My only question is if these are Native American spirits then why are they going after my animals? I've always thought that Native Americans respected nature and the lives of the animals. I'm still stumped and I hope that whatever John does tomorrow helps in some way shape or form. For now my mare is over at my sister's place and is acting totally normal.


----------



## littrella (Aug 28, 2010)

Good luck & keep us posted


----------



## LovesMyDunnBoy (Aug 11, 2011)

sxybeemr said:


> I was thinking....trying to find an explanation for this... I know there is a hill not too far from my house where you stop your vehicle at the bottom of the hill and your car will roll up about 20 meters to a willow tree and stop. You can even shut off your vehicle and it will get pulled up hill....The story behind it is that a school bus had an accident at this location years ago, children's died and will push any vehicle at the bottom of the hill to the willow tree( where they say the bus crashed). Some people say it's some sort of magnetic field? I have been a few times since I didn't believe it when I was originally told about it. But if some " force/magnetic field" can push a vehicle up hill, I'm sure it could have an effect on animals like your horses and your dog...?
> _Posted via Mobile Device_


Do you live in Texas? We have a story similar to this here.
_Posted via Mobile Device_


----------



## natisha (Jan 11, 2011)

JCnGrace said:


> Churumbeque got her reply posted while I was still typing mine. It's good to know that I'm not the only one who's heard of the realtor's responsibility in disclosing things.
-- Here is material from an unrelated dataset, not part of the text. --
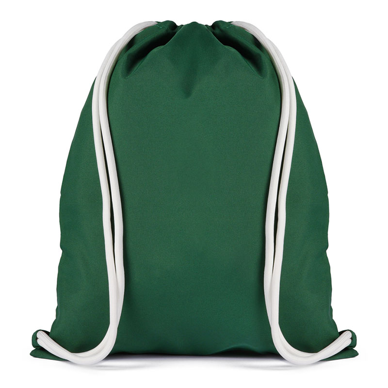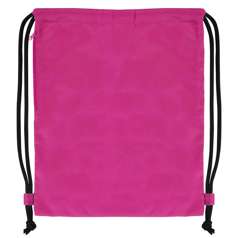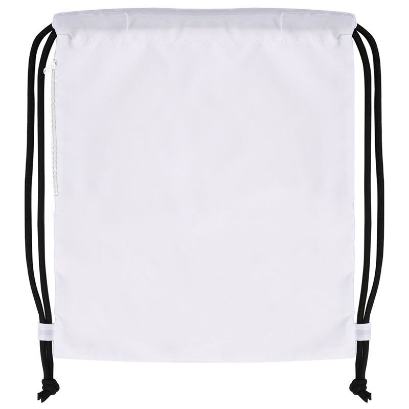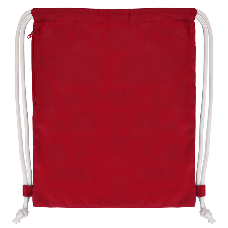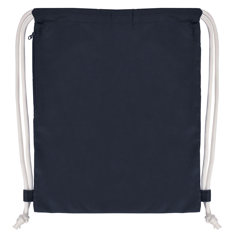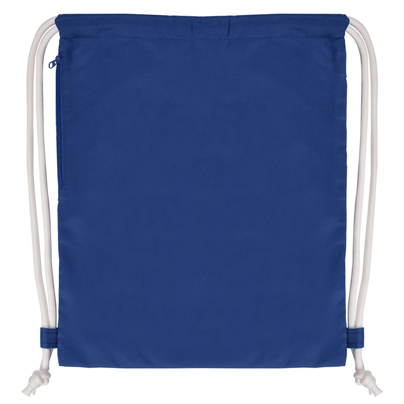 Sacca in poliestere 300D con cordoncini spessi, tasca laterale con chiusura a zip e con passanti agli angoli.
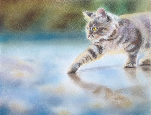 ほっこりとする温かみのあるパステル画でわたしも大好きなので,友人が家族の一員として大切にしている(いた)ペットの絵をプレゼントした事がありますが,とても喜ばれました♪

Yes, I believe the realtor has to disclose if there was ever a murder, suicide or "hauntings" associated with a property. Of course they could say they didn't know. 
I still wonder why the neighbors are so hush hush.

ETA: Opps, I should have read all the posts before posting.


----------



## walkinthewalk (Jul 23, 2008)

Wow! I can't wait to hear what your friend does next.

1. Interesting he won't go in the barn because that is where their home is. It really was risky business for you to spend last night in the barn.

2.


> My only question is if these are Native American spirits then why are they going after my animals?


Two tribes were at war. My theory is much livestock was probably stolen by the intruders and no doubt many horses were killed on both sides during battle.

The tribe who had first rights to the land may have lost the battle and are still seeking retribution against anyone stepping on the land they hold sacred and as belonging to them.

Hopefully your friend can make peace with them in some way - it will be historic since this has been going on for a few centuries.

Learning which tribes and what the battle was about would make a really interesting read.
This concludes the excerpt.